The European High-Performance Computing Joint Undertaking (EuroHPC JU) aims at developing a World Class Supercomputing Ecosystem in Europe and, with this goal, is procuring and deploying pre-exascale and petascale systems in Europe. These systems will be capable of running large and complex applications. In this sense, the demand from the application stakeholders includes not only aspects related to High-Performance Computing (HPC) but also artificial intelligence (AI) and data analytics.
The eFlows4HPC project has as objective to provide a software stack that makes easier the development of workflows that involve HPC, AI and data analytics components. The project aims to give support to dynamic workflows in the sense that the set of nodes in the graph of the workflow can change during its execution due to changes in the input data or context of the execution, and be reactive to events that may occur. The runtime systems supporting this execution should be able to perform efficient resource management, both in terms of time and energy.

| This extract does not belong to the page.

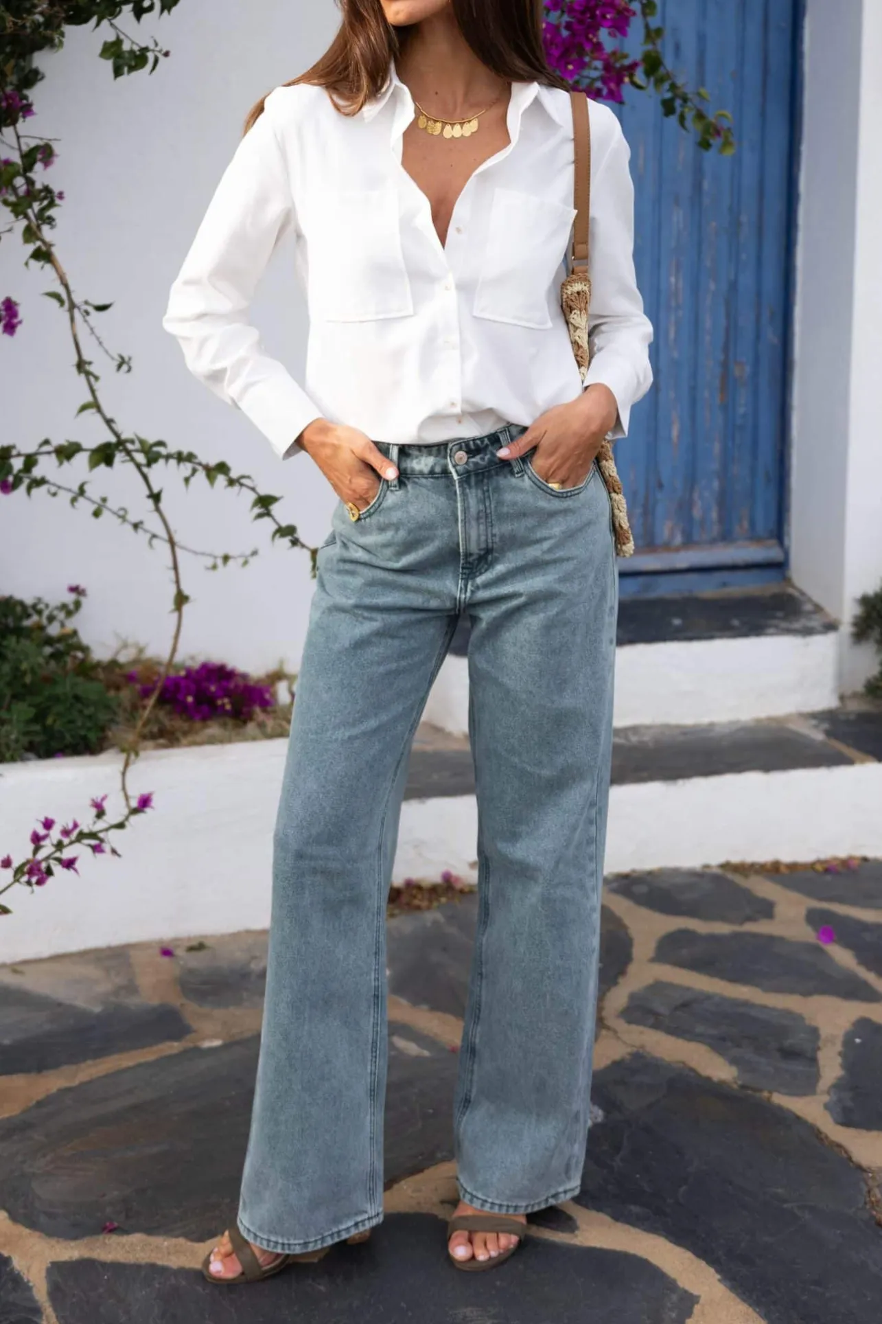 – Jeans taille haute– Deux poches avant– Deux poches arrière– Coupe droite– Couleur : ble…

Another objective of the project is to provide mechanisms to make the use and reuse of HPC easier by wider communities. For this purpose, the HPC Workflows as a Service (HPCWaaS) methodology has been proposed. The goal is to provide methodologies and tools that enable sharing and reuse of existing workflows, and that assist when adapting workflow templates to create new workflow instances.
The eFlows4HPC software stack includes components to develop the workflows at three levels: high-level topology of the workflows using extended TOSCA, required data transfers with the Data Logistic Pipelines and the computational aspects of the workflow with PyCOMPSs. Once a workflow has been developed, it is registered in the Workflow Registry. Similarly, the different components of the workflows, pre-trained AI models and data sets are registered in a set of catalogues and repositories. All these registries and catalogues are used by the HPCWaaS interface, which provides a REST API to deploy and execute the workflows. On execution, the stack also provides a set of runtime libraries to support the workflow execution and data management.

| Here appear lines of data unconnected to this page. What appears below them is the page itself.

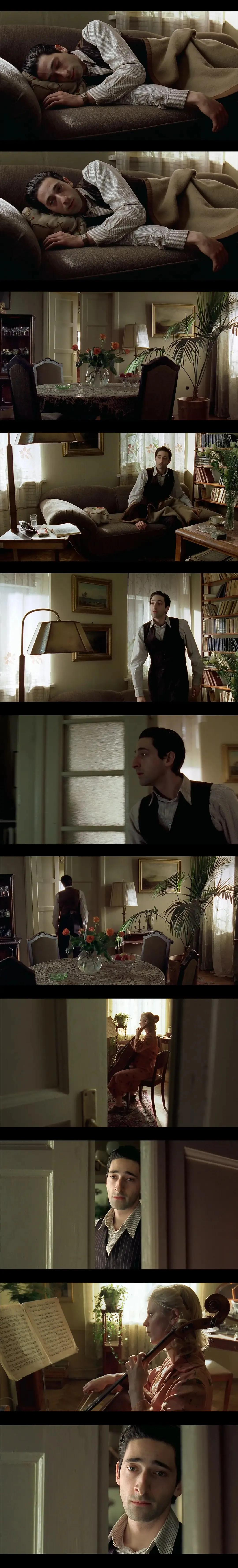 工友很快将斯皮尔曼送了出去,也有人接应他。但那个时候窝藏犹太人是重罪,只得将他不听的转移到别的住处,第一个住处里有一架钢琴。要知道钢琴就如同他的生命一般,但他的朋友告诫他千万不要发出任何响动。因为不远处就是以前他们修筑房子的地方,而旁边就住着不少德国人。斯皮尔曼打开琴盖,手指悬空在钢琴的琴键上。虽无声,但妙曼的琴声却从他的心中散发出来。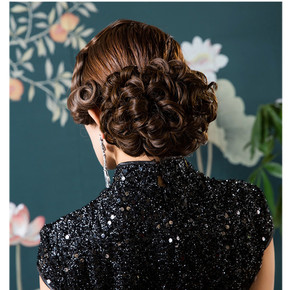 假发盘发拉花发包假发卷发包古装发髻唐龙哑光丝 夜上...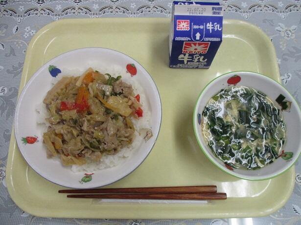 チンジャオロース丼、わかめスープ、小夏、牛乳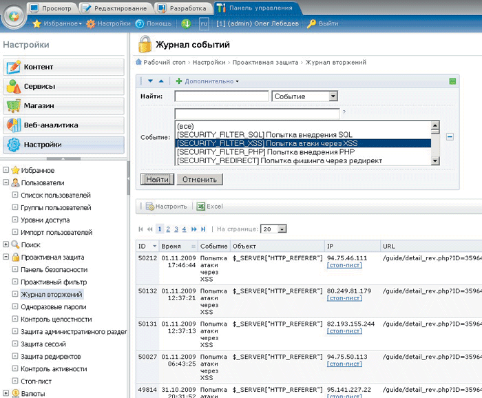 Традиционный способ защиты – постоянное обновление ПО, а также ручной мониторинг журналов доступа, с тем, чтобы в предельно короткие сроки заблокировать подобную деятельность. В 99% случаев процедура ответной реакции предполагает вполне фиксированный набор действий: запрет доступа с IP-адреса, откуда ведется атака, реже – коррекция данных, передаваемых в сеансе связи. Работа нудная, рутинная и неплохо поддающаяся автоматизации. Что, собственно, и сделали разработчики «1С-Битрикс».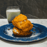 Top French toast with pumpkin butter, sprinkle with powdered sugar, and drizzle with maple syrup. Enjoy with milk.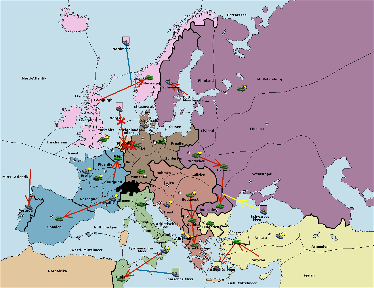 • Die Flotte in Nordsee move nach Holland. (gescheitert)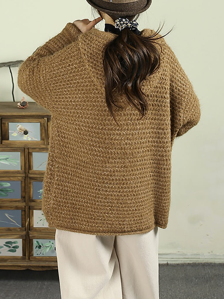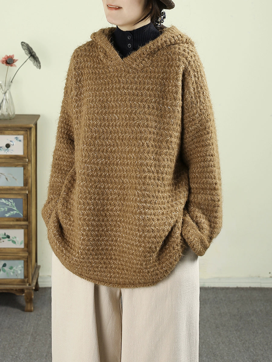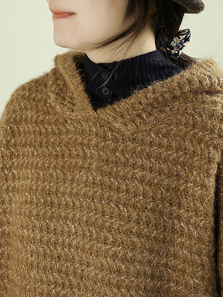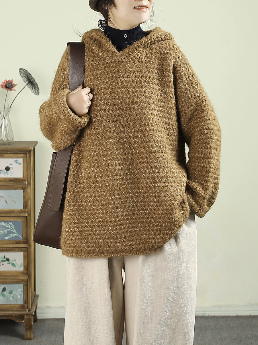 Palton cu glugă tricotat în culori pure retro de iarnă pentru femei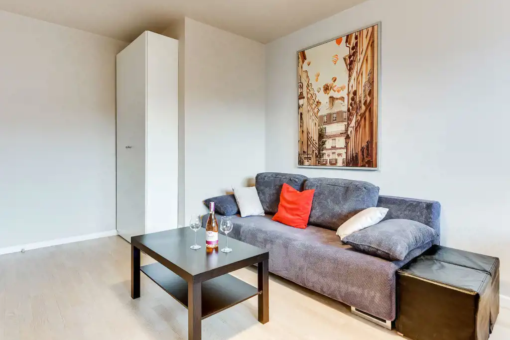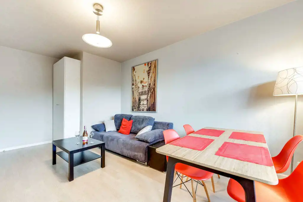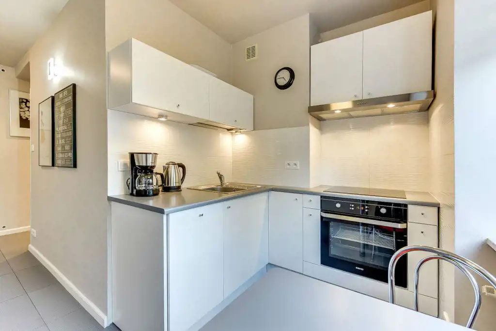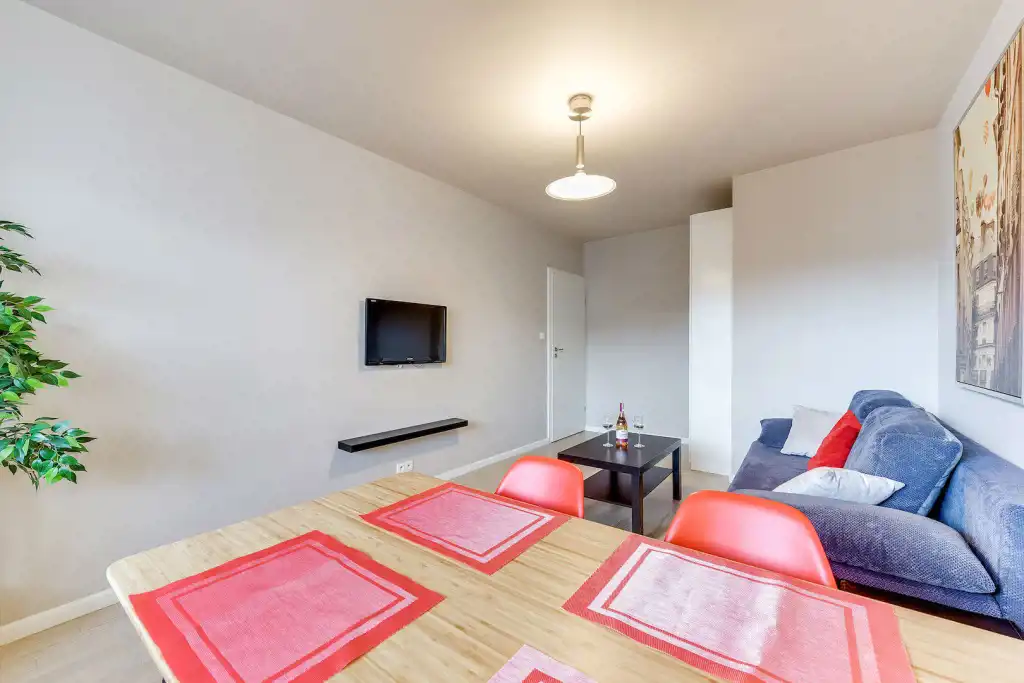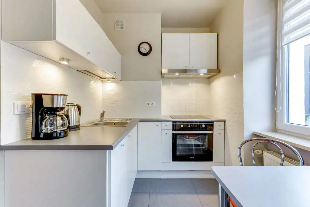 Apartament jest w pełni umeblowany o wysokim standardzie widocznym na zdjęciach.

The eFlows4HPC developments are demonstrated in the project through three pillar applications in the areas of digital twins for manufacturing, climate modeling and prediction and urgent computing for natural hazards. Pillar I deals with the construction of digital twins for the prototyping of complex manufactured objects integrating state-of-the-art adaptive solvers with machine learning and data-mining, contributing to the Industry 4.0 vision. Pillar II develops innovative adaptive workflows for climate and for the study of tropical cyclones in the context of the CMIP6 experiment, including in-situ analytics. Pillar III explores the modelling of natural catastrophes – in particular, earthquakes and their associated tsunamis shortly after such an event is recorded.
Coordinated by the Barcelona Supercomputing Center (BSC), the eFlows4HPC consortium comprises 16 partners from seven different countries with expertise in technical aspects: supercomputing and acceleration, workflow management and orchestration, machine learning, big data analytics, data management, and storage; together with expertise in the pillar workflows’ areas: manufacturing, climate, urgent computing.
The initial results of the project are available under the project website in its deliverable section (see https://eflows4hpc.eu/deliverables/). The source code and documentation are publicly available as well (see https://github.com/eflows4hpc and https://eflows4hpc.readthedocs.io/en/latest/).